Brexit poll

I’m not looking for a debate here. If one starts in this thread I won’t be a major participant. I’m just curious where the British dopers lie on this issue at this stage. Obviously the exact date we’ll be asked the question, and the exact terms of what we’ll be asked about are still up in the air but based on your best guess of how it will turn out, what is your gut answer?

No pie? I want pie!

I’m not a Brit, but I hope they stay. It seems to me that if there is a path to world peace, then things like the European Union are among the early steps on that path.

I don’t understand the last option: “I’m not British but want easy access to the poll.”

Anyone can view the Poll results; what do these people get?

Once you’ve voted in a poll it will then stay inline on the thread and will be there immediately should you open the thread again. Clicking view poll results creates a new window, and has to be done again should you wish to see the poll later. A minor annoyance, but one I like to give an option to avoid if all the real options don’t cover everybody.

Sadly I think all the non-USAians have abandoned this forum until the noise dies down in, oh, late 2017 or something.

Put me down as spake Chronos: This USAian thinks it better for the world that Britain stays in. And IMO better for Britain too. I say that as somebody who follows British & EU affairs pretty closely.

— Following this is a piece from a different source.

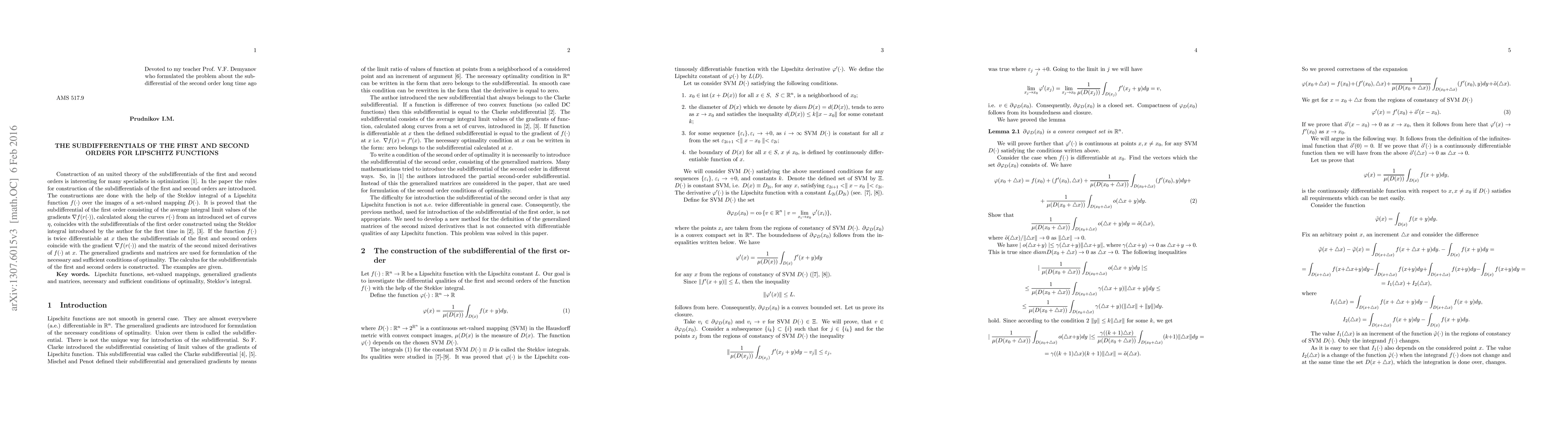 Construction of an united theory of the subdifferentials of the first and second orders is interesting for many specialists in optimization \cite{morduchrockafel}. In the paper the rules for construction of the subdifferentials of the first and second orders are introduced. The constructions are done with the help of the Steklov integral of a Lipschitz function $f(\cdot)$ over the images of a set-valued mapping $D(\cdot)$. It is proved that the subdifferential of the first order consisting of the average integral limit values of the gradients $\nabla f(r(\cdot))$, calculated along the curves $r(\cdot)$ from an introduced set of curves $\eta$, coincides with the subdifferentials of the first order constructed using the Steklov integral introduced by the author for the first time in \cite{lowapp2}, \cite{lowapp2a}. If the function $f(\cdot)$ is twice differentiable at $x$ then the subdifferentials of the first and second orders coincide with the gradient $\nabla f(r(\cdot))$ and the matrix of the second mixed derivatives of $f(\cdot)$ at $x$. The generalized gradients and matrices are used for formulation of the necessary and sufficient conditions of optimality. The calculus for the subdifferentials of the first and second orders is constructed. The examples are given.

I agree the EU needs serious reform.

Living in a non-British EU country and seeing what a hash they make of applying extant EU regulations while cheering for more makes me antsy. There’s bad faith: the UK honours its treaties and suffers, while many other EU countries pay lip service to EU regulations while doing their own thing.

And the euro is a disaster.

But I still don’t think we’ll be better out of it.

The hand-waving of exit supporters (I despise ‘Brexit’ as a term) that the UK will be able to carve its own trade agreements with people they just insulted is naive. Better to try to push for reform from inside the tent. It’s a cock-up but better than the alternative.

As always, I seem to end up as an outlier.

I am British and in all reality won’t have a vote, despite it probably affecting me more than most Brits. Basically, I’ve lived in another EU country for too long and hence have to move back to get my right to vote back (you lose it after fifteen years out of the country).

Presumably you qualify for citizenship of your host country by now (Sweden IIRC), don’t you?

Dear Britain: Stay in the EU, but DO NOT give up the Pound.

Best regards,

Your American cousin

Negotiations between Cameron and the EU have only just finished. What Cameron has got will seem very poor to Brexit fans:

The devil will be in the detail, of course. So asking us for an opinion right now is a little premature.

I’m voting to leave, no doubt it would trigger a second referendum in Scotland, but if that’s the price to pay for a more independent rUK, then so be it.

I am British (And Australian, dual citizen). I will vote to stay. As others have said the UK can do far more by pushing for reform of the EU inside it than they can outside it. Also, the EU is too important to let fail or fall apart. Other communities of nations are planning similar integration, eg ASEAN eventually plans a currency union and open borders. This is a good trend and it should continue.

It won’t. The possibility of the UK exiting the EU was well known at the time. We voted in full knowledge of the fact.

I’m stating that if the UK voted to leave the EU, it almost definitely will trigger a second referendum for the Scots to have independence and to remain in the EU.

But I bet alot of those countries have better border controls.

However much Sturgeon et al may press for one, I do not think it would happen. If the UK votes to leave the EU then Cameron’s out and his likely replacements aren’t the idiots he is.

I disagree, the prospect of an exit from the EU means that extenuating circumstances have come into play, in which there is a legitimate reason for a 2nd referendum, and this time they will leave.

I’m sorry, but we voted to stay in the Union of Kingdoms in the full knowledge that the Union might end up outside the European Union.

Politically, the successor to Cameron isn’t going to want to go down in history as the PM who lost the Union.

We will (I hope), and we won’t (ever).

That would be a political inevitability once the UK left the EU.